Suppose we have a node with a previous value and a next value. Since these values can be interpreted as \(k\)-bit integers, we can \(\oplus\) them together to create another \(k\)-bit integer which we can then store in this new \(np\) value. But how to extract the value we need while operating on the list? Consider the following properties of our new \(np\) value:

\[next = prev \oplus np\] \[prev = next \oplus np\]

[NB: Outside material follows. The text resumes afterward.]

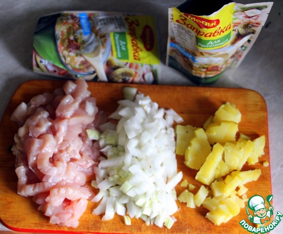 Для начинки мелко нарезать грудку, лук и отварной картофель.

So we can always unpack the \(np\) value if we know the value of either \(next\) or \(prev\) which we will. As we traverse the list, we are moving from node to node and so when we arrive at the node we will always have the \(prev\) (or \(next\), depending on direction) value in hand and can use it to extract the other value from \(np\). In the event we are just starting and are arriving at either the \(head\) or \(tail\) node without a previous node value in hand then we simply use \(NIL\) because these lists are not circular.

LIST-SEARCH(L, k)

1 prev = NIL

2 x = L.head

3 while x != NIL and x.key != k

4      next = x.np XOR prev

5      prev = x

6      x = next

7 return x

LIST-SEARCH doesn’t change all that much. Line 4 showcases the extraction of a \(next\) value from \(np\) and we need to hold onto an extra value during the procedure to allow for this change.

LIST-INSERT(L, x)

1 x.np = L.head XOR NIL

2 if L.head != NIL

3      L.head.np = (L.head.np XOR NIL) XOR x

4 L.head = x

Similarly, LIST-INSERT just needs minor adjustments to account for our new storage pattern.

LIST-DELETE(L, x)

01 prev = NIL

02 y = L.head

03 while y != NIL:

04      next = y.np XOR prev

05      if y != x:

06          prev = y

07          y = next

08      else:

09          if prev != NIL:

10              prev.np = (prev.np XOR y) XOR next

11          else L.head = next

12          if next != NIL:

13              next.np = (next.np XOR y) XOR prev

14          else L.tail = prev

LIST-DELETE has a lot more going on. We must now traverse the list so that we can decode the node’s \(np\) value properly. If the node that we are removing was either the head or the tail of the list, then we must designate a new head or tail.

LIST-REVERSE(L)

1 x = L.tail

2 L.tail = L.head

3 L.head = x

This one is nifty. Due to the nature of these unique lists, the ‘order’ of the \(prev\) and \(next\) values no longer matter since they are combined together into \(np\). This means our entire list can be reversed simply by swapping the tail and the head of the list! This operation runs in \(O(1)\) time.